Provided data
**********
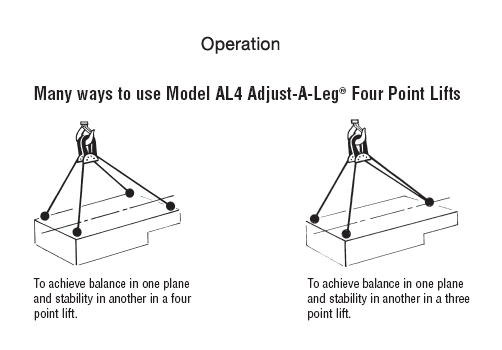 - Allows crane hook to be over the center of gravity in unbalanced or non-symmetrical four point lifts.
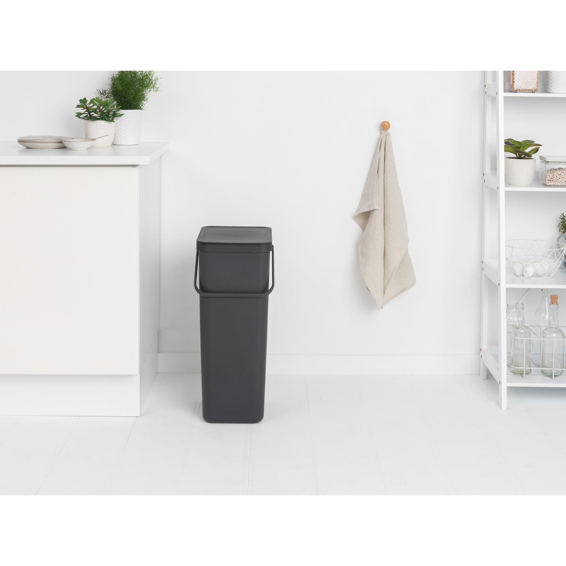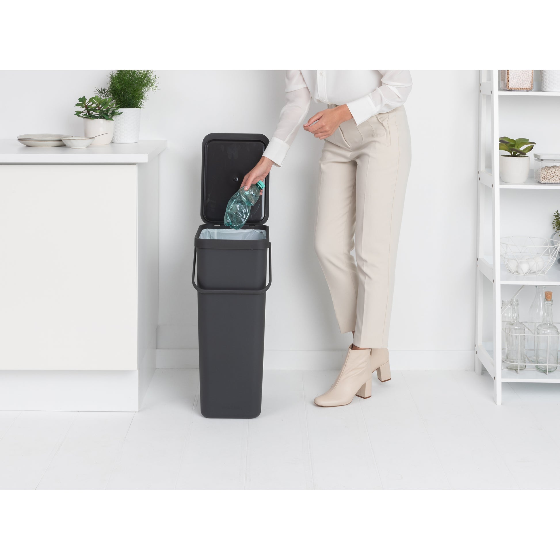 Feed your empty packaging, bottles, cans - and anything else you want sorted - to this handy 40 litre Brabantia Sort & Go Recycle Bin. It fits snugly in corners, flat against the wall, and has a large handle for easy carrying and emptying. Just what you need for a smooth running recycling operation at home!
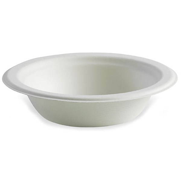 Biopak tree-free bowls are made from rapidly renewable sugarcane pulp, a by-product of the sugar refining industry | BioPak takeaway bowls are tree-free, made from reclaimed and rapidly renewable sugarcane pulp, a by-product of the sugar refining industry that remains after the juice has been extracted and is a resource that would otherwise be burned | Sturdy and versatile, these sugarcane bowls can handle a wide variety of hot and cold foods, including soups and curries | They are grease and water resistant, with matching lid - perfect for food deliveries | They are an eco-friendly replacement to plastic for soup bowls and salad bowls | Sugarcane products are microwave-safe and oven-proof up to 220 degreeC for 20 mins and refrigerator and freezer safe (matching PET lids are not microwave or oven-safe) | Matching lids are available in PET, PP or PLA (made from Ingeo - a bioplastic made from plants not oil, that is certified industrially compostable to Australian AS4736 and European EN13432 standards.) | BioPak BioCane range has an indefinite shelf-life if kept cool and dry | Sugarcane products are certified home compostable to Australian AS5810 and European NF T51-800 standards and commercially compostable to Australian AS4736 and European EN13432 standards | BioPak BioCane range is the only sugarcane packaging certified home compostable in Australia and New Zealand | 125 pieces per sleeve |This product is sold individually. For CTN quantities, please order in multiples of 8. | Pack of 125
**********
What you will do
Would you copy, exactly, each line from the start of the listing above through the line with "Feed your empty", both ends included, but none of the pictures?

Response to the task
 - Allows crane hook to be over the center of gravity in unbalanced or non-symmetrical four point lifts.
 Feed your empty packaging, bottles, cans - and anything else you want sorted - to this handy 40 litre Brabantia Sort & Go Recycle Bin. It fits snugly in corners, flat against the wall, and has a large handle for easy carrying and emptying. Just what you need for a smooth running recycling operation at home!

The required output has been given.